- Presley performing in 2013

Background information
- Born: California
- Genres: Garage rock, psychedelic rock, experimental, lo-fi
- Occupations: Singer-songwriter, musician
- Instruments: Vocals, guitar, bass, keyboards
- Years active: 1996–present
- Labels: Castle Face, Woodsist Records, Drag City Records, Heavenly Recordings

= Tim Presley =

American musician, singer and songwriter

Tim Presley is an American singer and songwriter. Presley began his career playing with the hardcore punk bands Model American and The Nerve Agents. In 2004, Presley founded the psychedelic rock band Darker My Love. In 2006 he joined The Fall, playing on the LP Reformation Post TLC, and was an occasional guest musician on the band's later albums. Since 2010, Presley has released music under the name White Fence. As of January 2019, he has released seven studio albums, two live albums, and two collaborative albums with Ty Segall under that name, as well as two albums with Cate Le Bon under the name DRINKS, an experimental solo album under the name W-X, and a solo album, THE WiNK, under his own name.

==White Fence==
Presley began recording music in his apartment using primitive and low cost equipment, while still a member of Darker My Love. Presley's debut White Fence album, self-titled White Fence, was recorded between 2008 and 2009. The album was released in 2010 on Make A Mess Records, receiving generally positive reviews.

Presley's second album, entitled Is Growing Faith, was released in 2011 through Woodsist Records. The album continued upon Presley's lo-fi and psychedelic sound, and contained a cover of Johnny Thunders 1978 song "You Can't Put Your Arms Around a Memory." The album gathered similarly positive reviews, noting Presley's developing instrumentation and experimentation. The same year, a live cassette entitled White Fence – Live in LA, was released through the Teenage Teardrops label. The cassette was only limited to 200 copies.
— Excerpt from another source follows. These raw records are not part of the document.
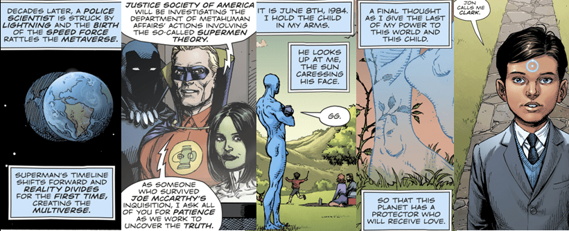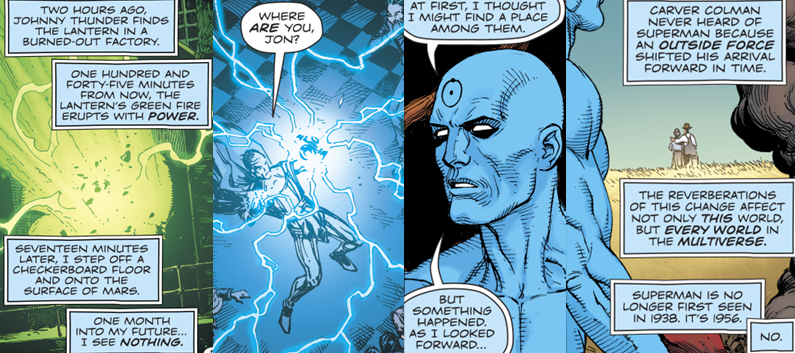 Speaking of Dr. Manhattan, he, too, gets another entire issue dedicated to him and his journey throughout the DC Universe. It’s basically exactly the same as issue four of Watchmen, with Jon spending a lot of time on Mars, ruminating about his origins and past with Janey Slater, and recapping the events of Watchmen. Although Jon appeared to have somewhat rediscovered his humanity at the end of Watchmen, to the point where he willingly went along with Veidt’s plan and even killed Rorschach to protect it, and his desire to reconnect with humanity was a big aspect of the TV show, in Doomsday Clock he’s basically exactly the same disconnected and emotionless demigod he was in the original graphic novel. He is despondent to discover that he feels just as out of place in a world of metahumans and magic as he did amongst mortals and takes to exploring and experimenting with the DC Universe’s fragile reality to keep himself from growing bored. Dr. Manhattan’s perception of time is both the same as in Watchmen (he can see the past, present, and future simultaneously but cannot see anything past his vision of Superman rushing at him) but different. I always assumed from Watchmen that Jon could only perceive time from his lifetime since he never visits the past beyond his lifetime in Watchmen but, in Doomsday Clock, he can freely walk between the past, present, and future of the entire DC canon, including a multitude of parallel worlds. Fascinated by the metaverse and the role Superman plays in this world, he purposely messes with time, killing Clark’s parents before their time and causing Alan Scott/Green Lantern to die, thus removing the Justice Society of America (JSA) from continuity, intervening in Flashpoint (Johns, et al, 2011), and basically creating the New 52 and Rebirth continuities through his actions.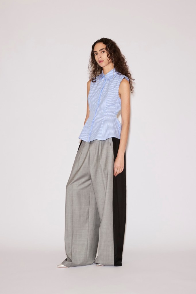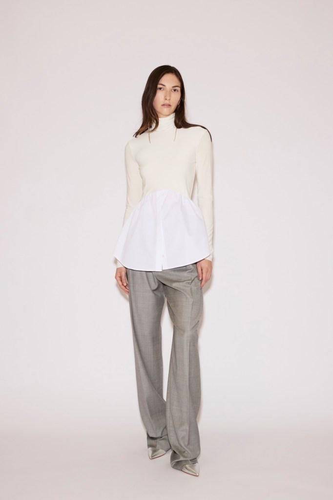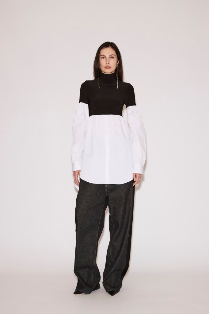 An oversized cotton shirt is spliced with a jersey bodice that clings to the frame, simultaneously tracing the body’s outline and letting fabric drift freely around it. A top and dress echo the fluidity of a scarf at the neck, cascading softly across the figure.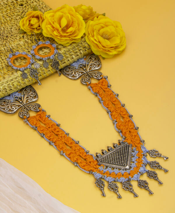 This handcrafted crochet set features a traditional design with vibrant orange crochet beads and German silver pendants. Ideal for cultural events and traditional festivals, this set celebrates folk art in a modern wearable form.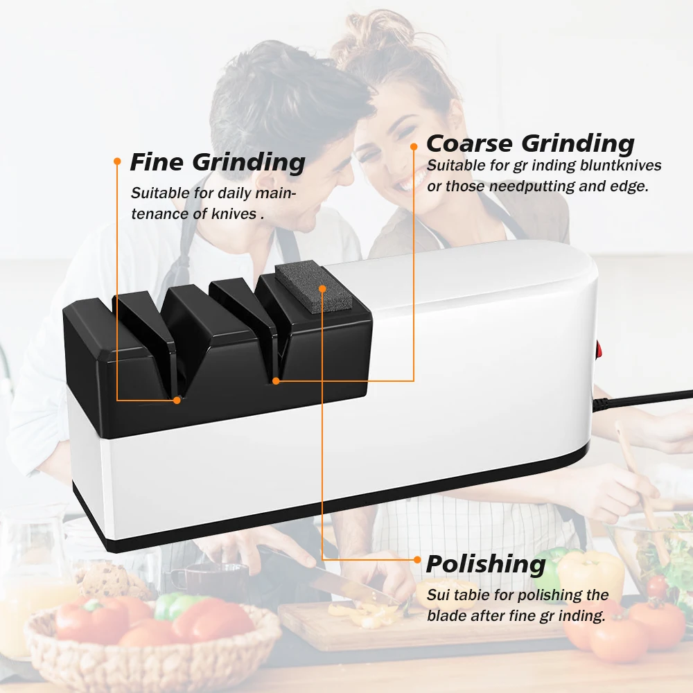 This electric sharpener is equipped with four different specifications of sharpening grooves, which can meet the sharpening needs of various knives, including kitchen knives, scissors, fruit knives, etc. Each sharpening groove is carefully designed to ensure the best sharpening effect for each type of tool.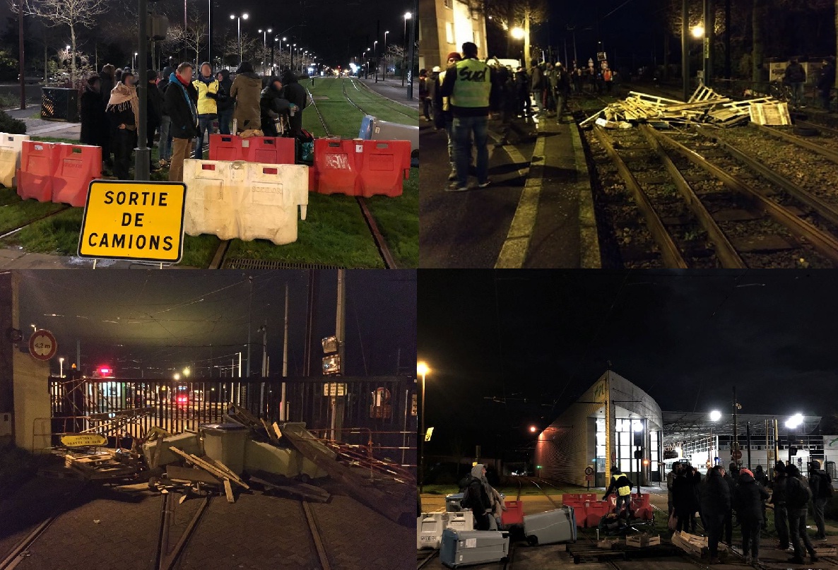 Velika barikada je podignuta u gradu, zbog čega je promet paraliziran. U odsutnosti radnika i drugih aktivista štrajkačkog pokreta, za blokade se brinu Žuti prsluci i mladi koji su se pridružili borbi. Blokirani su dokovi južno od mosta „Cheviré“, naplatne kućice na izlazu iz autoputa, dok je četvrti Saint-Nazaire ispred tvornice „Airbusa“ podmetnut požar.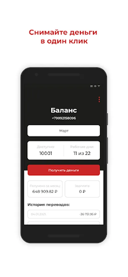 The application makes it possible to withdraw your earned money at the moment when you need it, and not on the dates set by the employer.

2012 saw Presley release three records; two as White Fence and one in collaboration with Ty Segall. The first, Family Perfume Vol. 1, was released on April 3, 2012. The album was the first installment in a double release from Presley. The second volume, Family Perfume Vol. 2, was subsequently released on May 15, 2012. Both albums were released through Woodsist Records and limited to 1000 copies each during its first pressing. The final release of 2012 was a collaboration with fellow California based musician Ty Segall. The album, entitled Hair, similarly followed the same psychedelic and garage rock tendencies of Presley and Segall's respective previous works. The album was released on April 24, 2012, and was recorded and produced by Eric Bauer.

In 2013, Presley released his fifth album as White Fence, entitled Cyclops Reap. The album was originally intended to be a release of Presley's older work from his previous four albums; however, he instead decided to create an album of new material. The album followed the same production techniques as his previous work, and was recorded on a 4-track in Presley's bedroom. Castle Face Records released the album in various formats, such as colour vinyl and on Flexi disc. The album received positive reviews.

Presley's sixth album as White Fence, For the Recently Found Innocent was released in July 2014. The album differs from previous releases as it makes use of studio recordings rather than bedroom recording, creating a more polished sound. The album was mixed by collaborator Ty Segall.

In 2018, Presley released his second collaborative White Fence album with Ty Segall, entitled Joy.

I Have to Feed Larry's Hawk, the seventh White Fence studio album, was released on Drag City Records in January 2019.

The first White Fence album in seven years, Orange, was released in 2026.

== Other projects ==
In 2015, Hermits on Holiday — Presley's first album with Cate Le Bon under their collaborative name DRINKS — was released on Heavenly Recordings. A second DRINKS album, Hippo Lite, written and recorded by the duo during a month on holiday in Saint-Hippolyte-du-Fort in the south of France, was released on Drag City in 2018.

Later in 2015, Presley released the eponymous W-X, a 20-track, double LP under the same name. Largely instrumental, W-X leans further into abstraction than Presley'a previous work, drawing comparisons to Captain Beefheart and Ariel Pink. In 2020, more than 5 years later, a single titled "I CAN HEAR MYSELF NOW" would also be released under the W-X moniker.

Further to his output as White Fence and DRINKS, Presley released an album titled THE WiNK under his own name in 2016, via Drag City. The album was produced by Cate Le Bon.

Presley is also the founder of Birth Records, which releases the music of San Francisco-based folk singer Jessica Pratt.

In addition to his musical pursuits, Presley produces work in a visual medium, and has created the cover art for several of his own albums. A book of Presley's art and poetry, titled Under the Banner of Concern, was published by Mexican Summer book imprint Anthology Editions in August 2020, following the previously published You Don’t Have Eyes Yet (2010) and Mush (2016).